(Collected data)
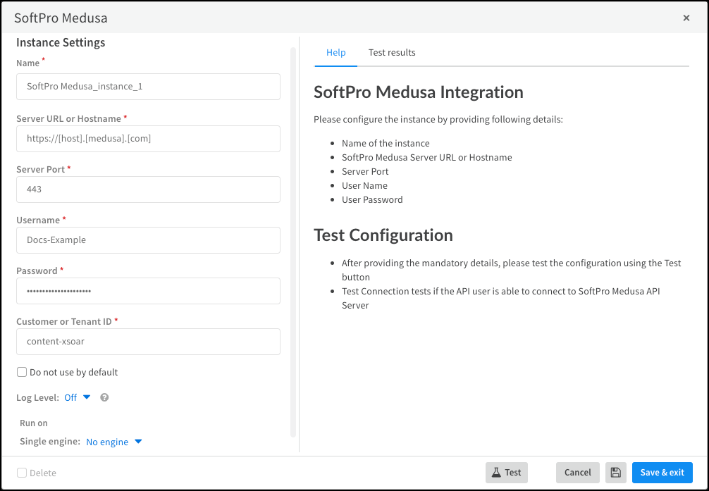 • Use single engine: When using a cloud-based Cortex XSOAR instance and an on-premises SoftPro Medusa server, choose the Cortex XSOAR engine that you want to communicate with the SoftPro Medusa server.
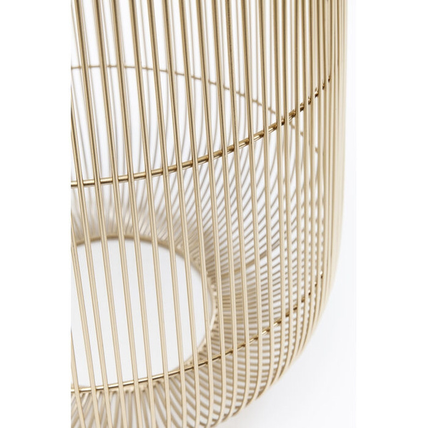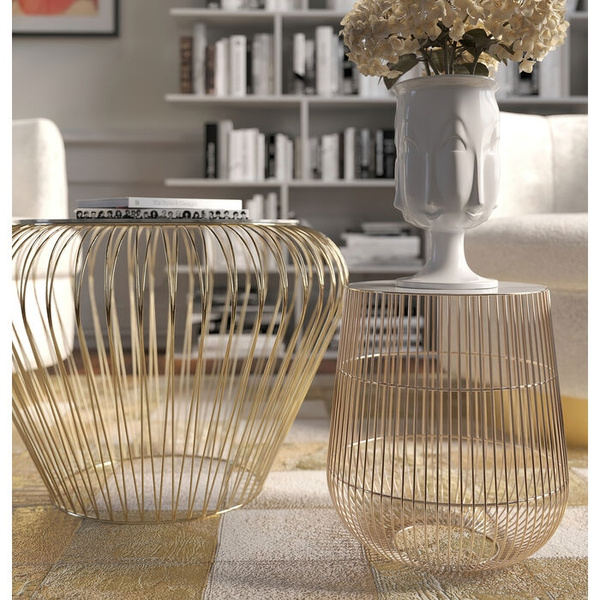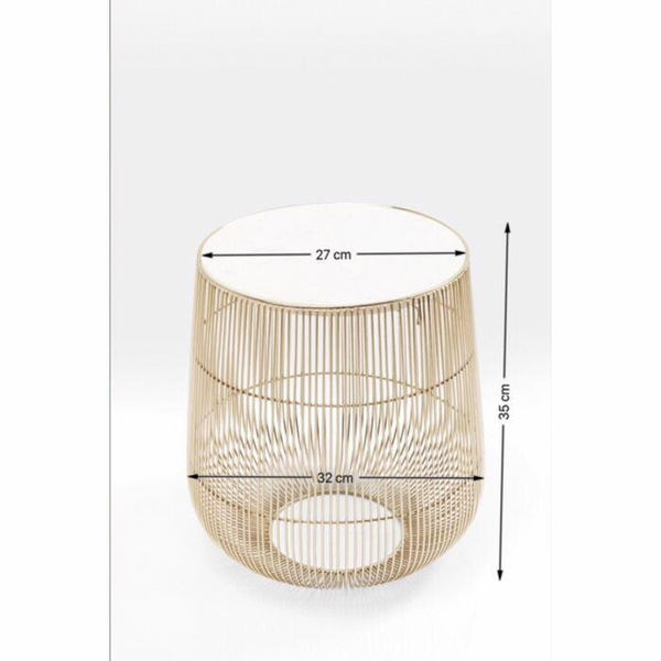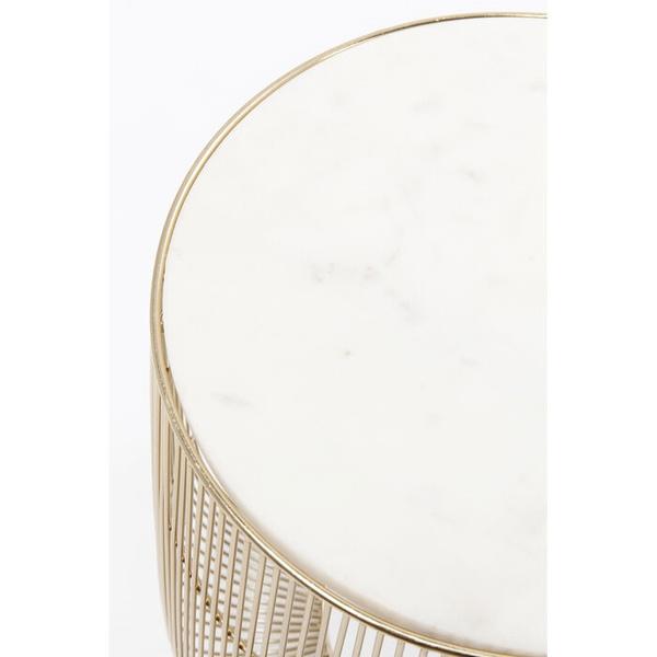 Złota podstawa wykonana z filigranowych prętów harmonijnie łączy się z okrągłym marmurowym blatem w białym kolorze, tworząc stylowy i praktyczny dodatek do każdego wnętrza. Połączenie naturalnego marmuru i mosiądzowanej stali nadaje stolikowi elegancki, wyrafinowany wygląd.
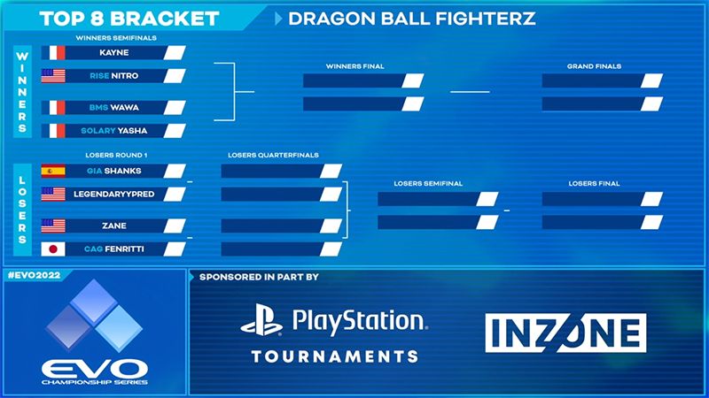 Los 8 mejores competidores. Esta alineación está compuesta por jugadores de todo el mundo que ganaron el derecho a representar a sus países en el Campeonato Mundial, incluidosWawa de Francia, que obtuvo victorias consecutivas en el Campeonato Mundial Dragon Ball FighterZ 2021-2022 celebrado en julio.
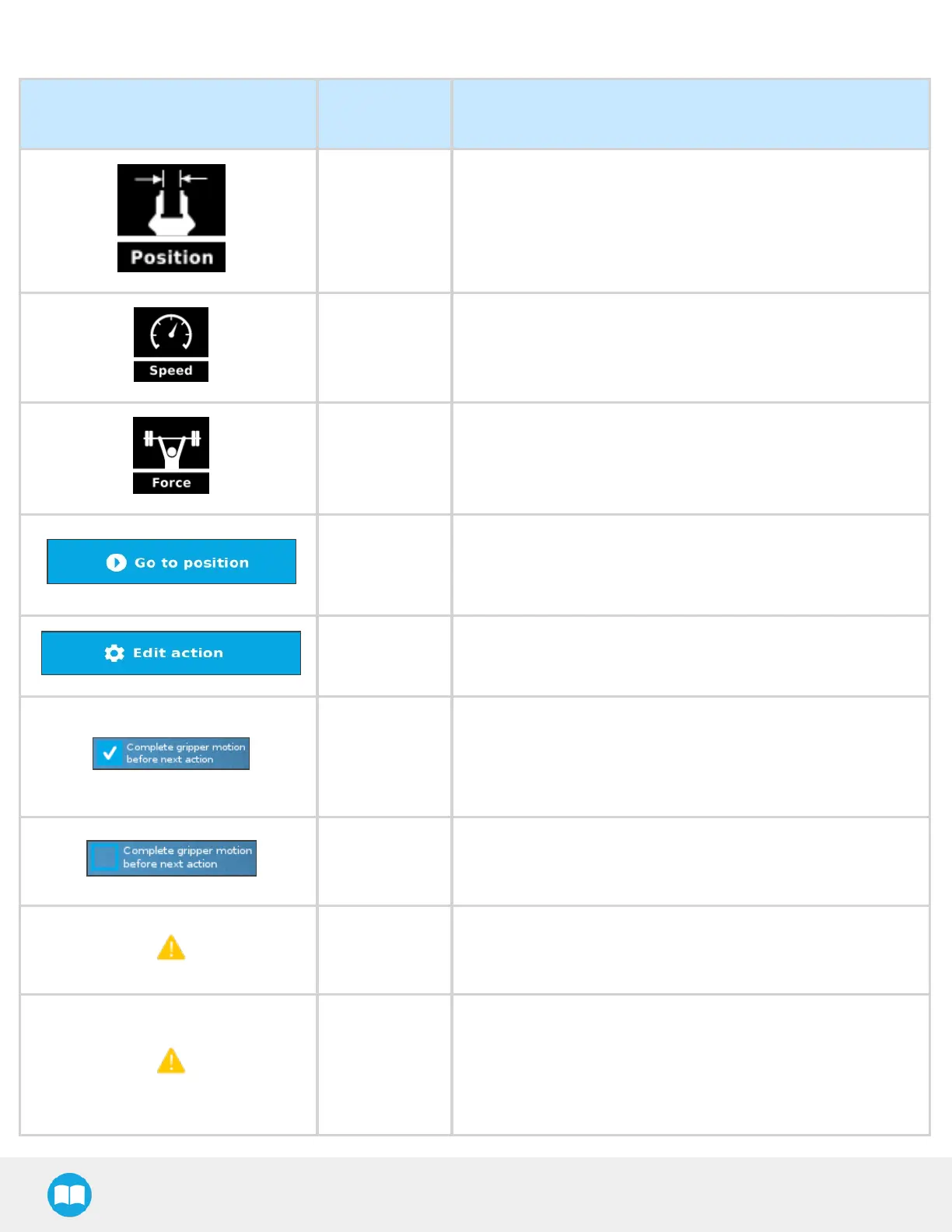 Note: Thisbutton isdisabled (grey)when the gripper isalready at
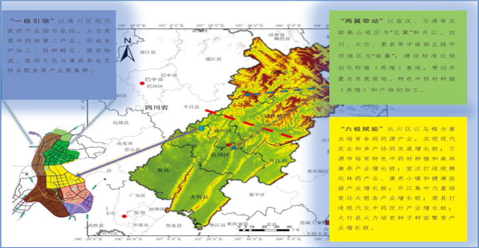 “六极赋能” 以达川、万源、宣汉、开江、渠县、大竹各为一极,发挥优势,突出特色,错位发展。达川区以乌梅为重点培育食药同源产业,实现现代农业和多产协同发展增长极;万源市依托生态富硒优势资源,培育特色中药材种子种苗繁育、原产地初加工和森林康养产业增长极;宣汉依托林地资源和生态优势打造规模化林药产业、康养小镇和健康旅游产业增长极;开江集中力量培育壮大银杏产业增长极;渠县依托省内外科研院校专家资源和中药饮片生产基础,打造现代化中药饮片产业增长极;大竹县着力培养中药材产业经纪人队伍,围绕川产道地药材建立中药材种植种苗繁育基地、建立标准化示范种植基地,打造特色中药材产业增长极。

EXERCISE DESCRIPTION → Without copying any picture, repeat all of the entries exactly.

OUTPUT FOR THIS TASK →
 • Use single engine: When using a cloud-based Cortex XSOAR instance and an on-premises SoftPro Medusa server, choose the Cortex XSOAR engine that you want to communicate with the SoftPro Medusa server.
 Złota podstawa wykonana z filigranowych prętów harmonijnie łączy się z okrągłym marmurowym blatem w białym kolorze, tworząc stylowy i praktyczny dodatek do każdego wnętrza. Połączenie naturalnego marmuru i mosiądzowanej stali nadaje stolikowi elegancki, wyrafinowany wygląd.
 Los 8 mejores competidores. Esta alineación está compuesta por jugadores de todo el mundo que ganaron el derecho a representar a sus países en el Campeonato Mundial, incluidosWawa de Francia, que obtuvo victorias consecutivas en el Campeonato Mundial Dragon Ball FighterZ 2021-2022 celebrado en julio.
 Note: Thisbutton isdisabled (grey)when the gripper isalready at
 “六极赋能” 以达川、万源、宣汉、开江、渠县、大竹各为一极,发挥优势,突出特色,错位发展。达川区以乌梅为重点培育食药同源产业,实现现代农业和多产协同发展增长极;万源市依托生态富硒优势资源,培育特色中药材种子种苗繁育、原产地初加工和森林康养产业增长极;宣汉依托林地资源和生态优势打造规模化林药产业、康养小镇和健康旅游产业增长极;开江集中力量培育壮大银杏产业增长极;渠县依托省内外科研院校专家资源和中药饮片生产基础,打造现代化中药饮片产业增长极;大竹县着力培养中药材产业经纪人队伍,围绕川产道地药材建立中药材种植种苗繁育基地、建立标准化示范种植基地,打造特色中药材产业增长极。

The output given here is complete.